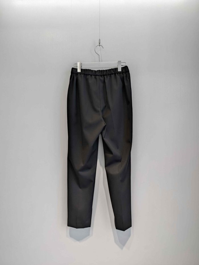 上質なウール100%素材を使用したテーパードパンツ。シンプルでありながら洗練されたシルエットが、大人のスタイリングを格上げします。
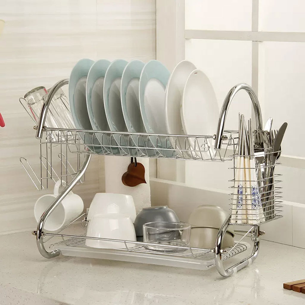 Égouttoir à Vaisselle à 2 Niveaux Couleur Argent
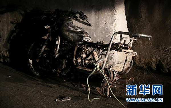 這是1月4日在阿富汗首都喀布爾爆炸現場拍攝的一輛受損的摩托車。新華社發(賈韋德·奧米德攝)
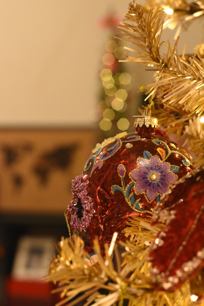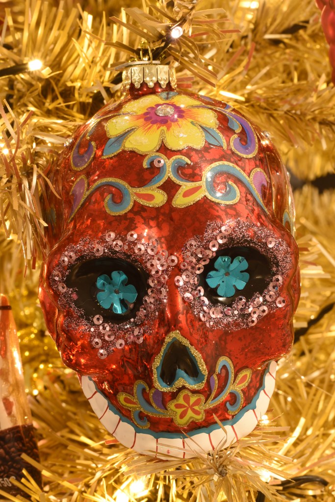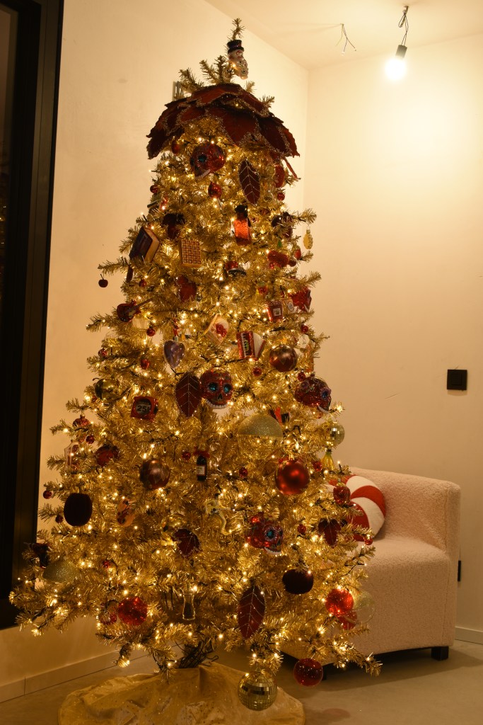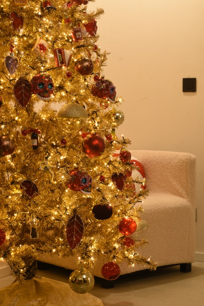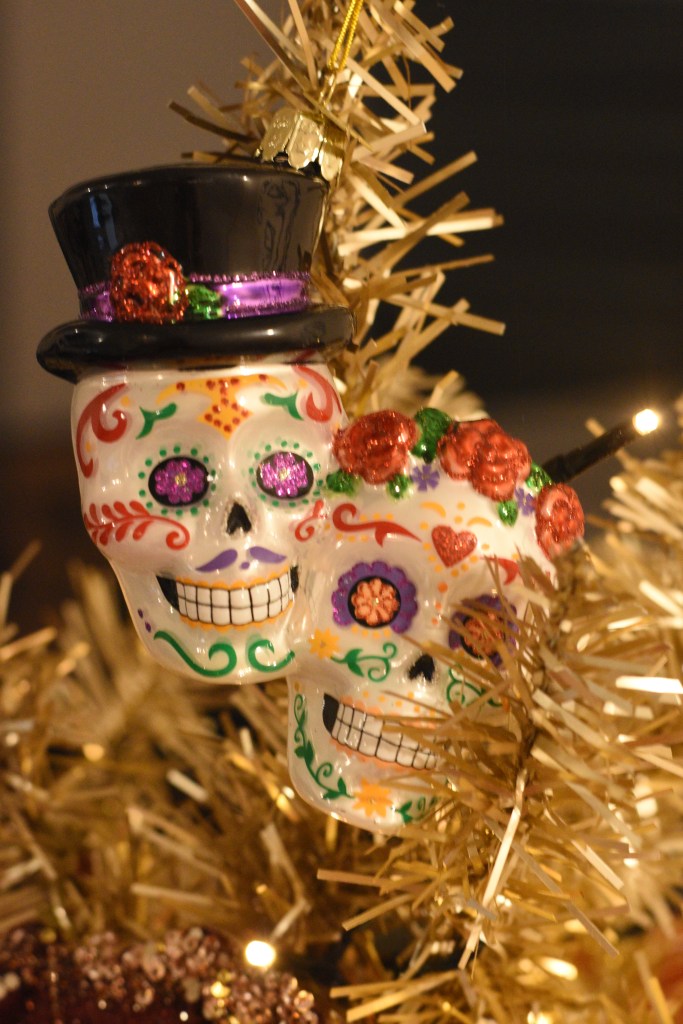 De versierde skulls zijn dan weer een knipoog naar Día de los Muertos, de prachtige manier waarop Mexico de doden viert. Sinds we er drie jaar geleden een traditie van maakten om met Halloween of Allerheiligen naar de film Coco te kijken, hebben we zoveel voeling met en respect voor deze feestdag gekregen dat de skulls een plaatsje verdienen in deze boom. Ooit gaan we naar Mexico met Día de los Muertos.
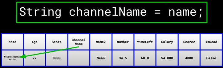 اجازه بدید با مثال قفسهمون مطلب رو بهتر جا بندازیم. این عمل کامپیوتر مثل اینه که به جای ایجاد یه جعبه جدید با لیبل «نام کانال» و ذخیره محتوایی مانند NullPointerException درون اون، صرفاً پایین جعبهی «نام» لیبلِ «نام کانال» میخوره.
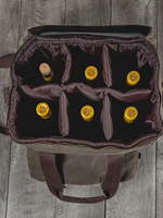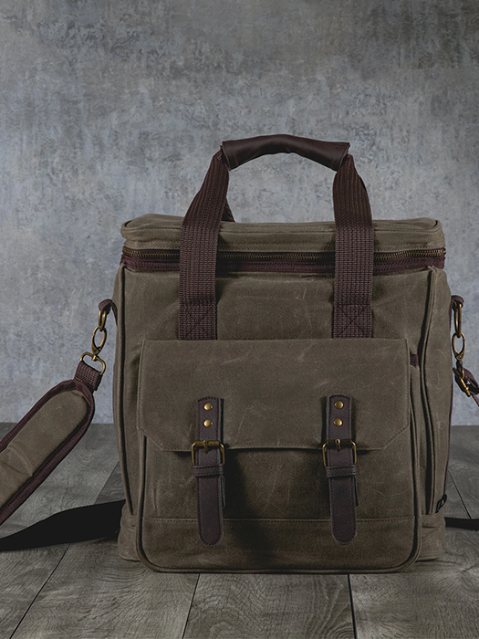 Carry up to 6 wine bottles in style with this waxed canvas cooler bag. Includes removable divider, waterproof base, and a front pocket for accessories.
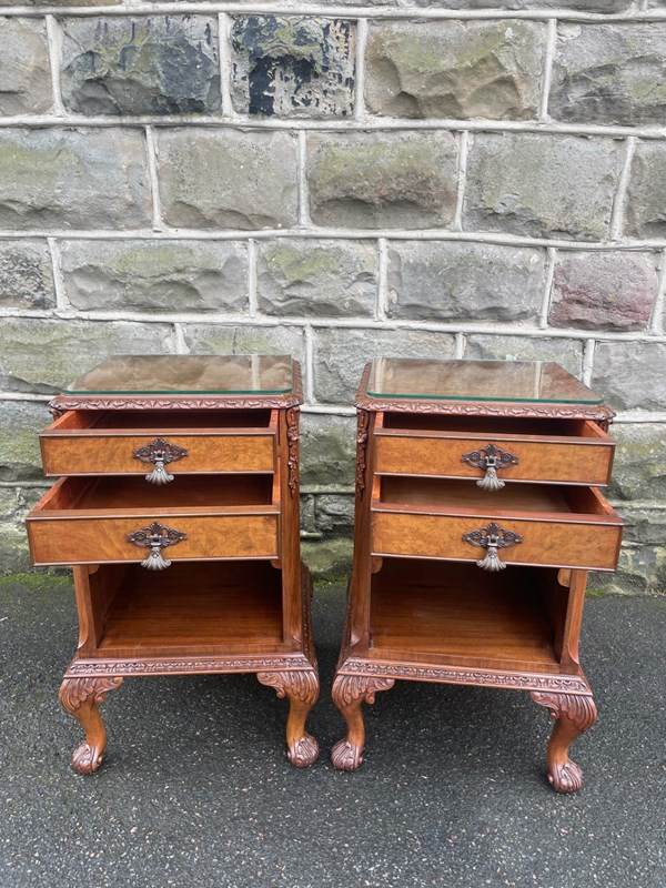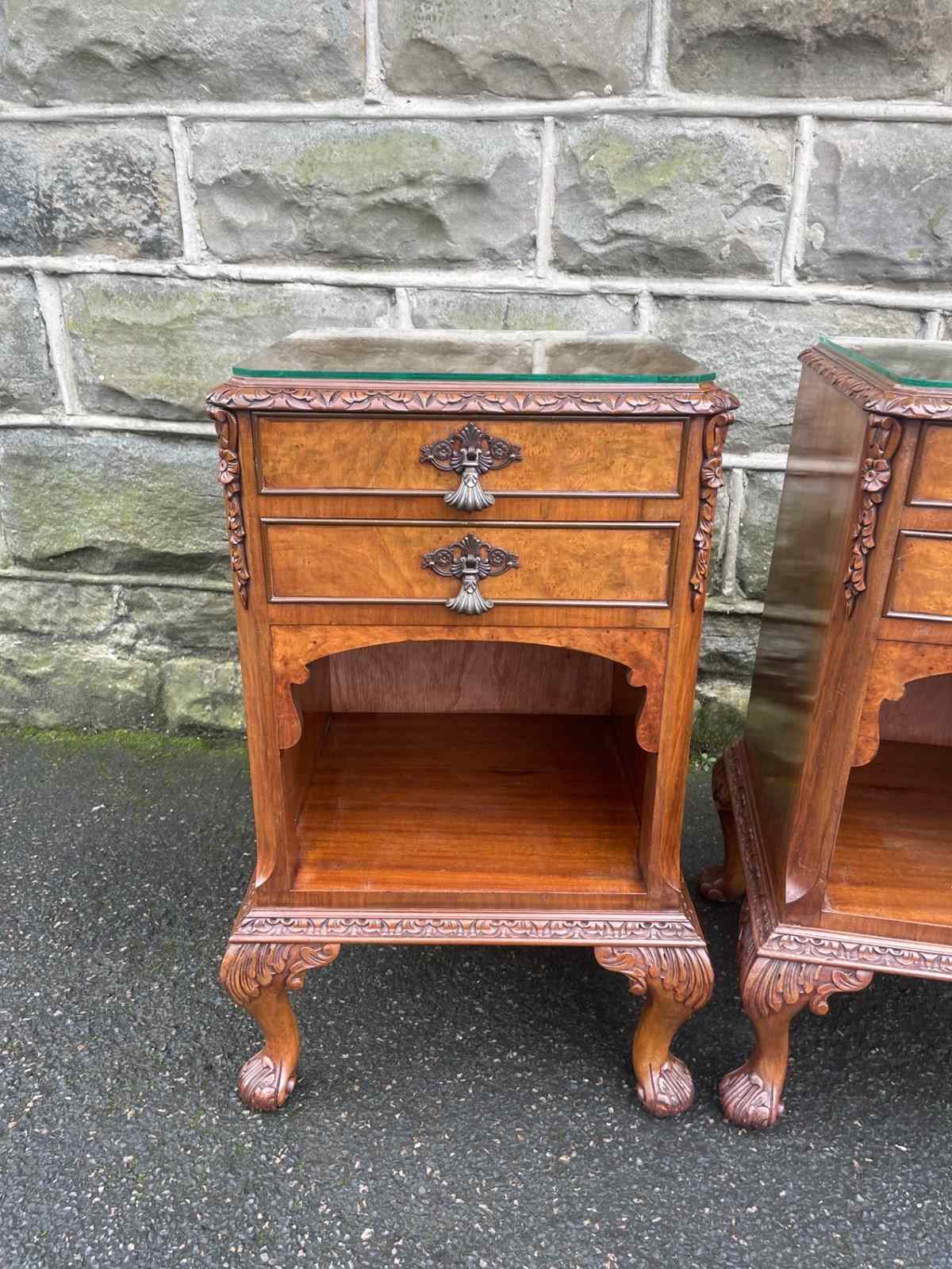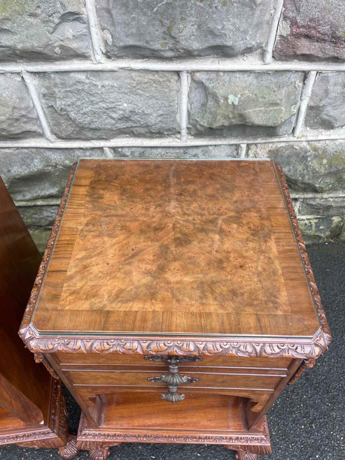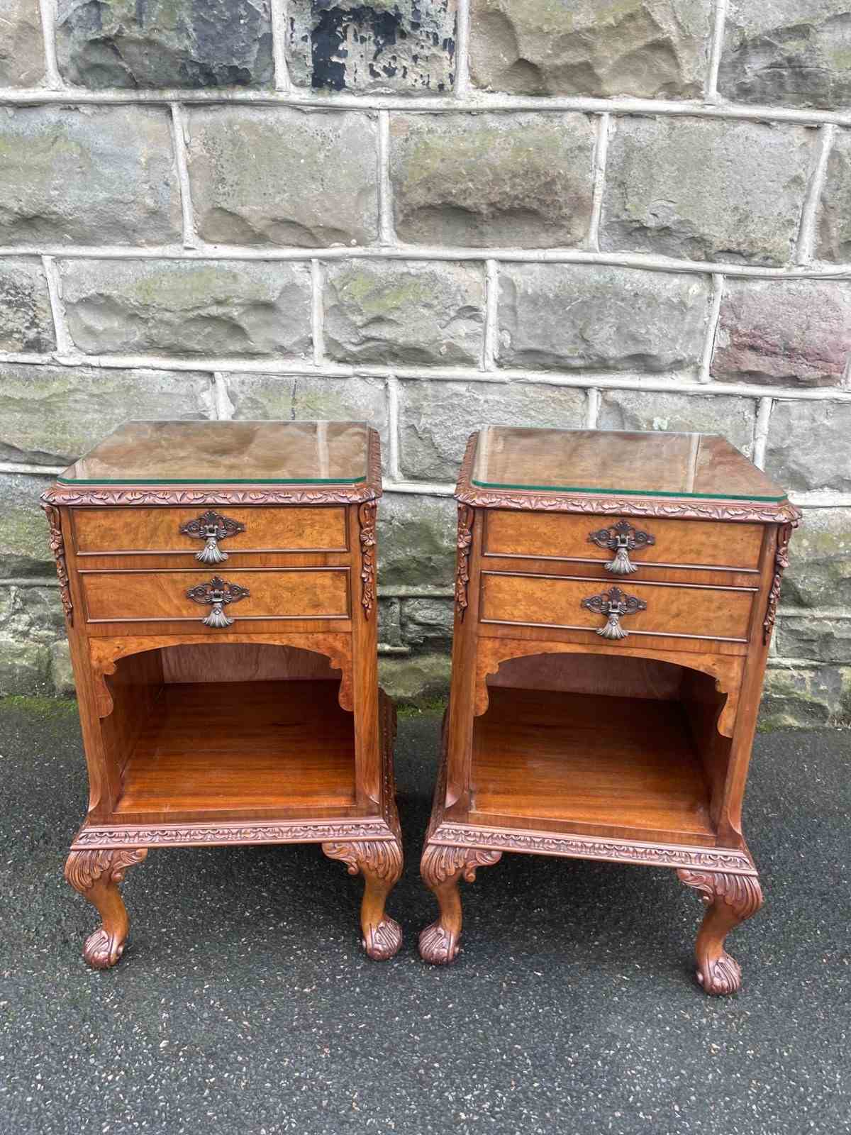 In burr walnut, protective glass tops, 2 draws with open storage area below, polished walnut sides standing on well carved small cabriole feet
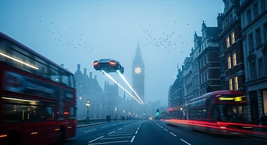 Cinematic shot of a london street, cloudy foggy day, soft light, car flying, leading lines to big ben in distance, multi composition, in foreground blurred car, on second street around UK bulding, od another plan in distance big ben, birds flying, artistic look, captured on arri alexa 35, blue hour emoji

━━━━━━━━━━━━━━━━━━━━━━━━━━━━━━

Look above for the line with "Carry up to", then give again exactly every line from there through the line with "In burr walnut, protective", skipping the pictures.

 Carry up to 6 wine bottles in style with this waxed canvas cooler bag. Includes removable divider, waterproof base, and a front pocket for accessories.
 In burr walnut, protective glass tops, 2 draws with open storage area below, polished walnut sides standing on well carved small cabriole feet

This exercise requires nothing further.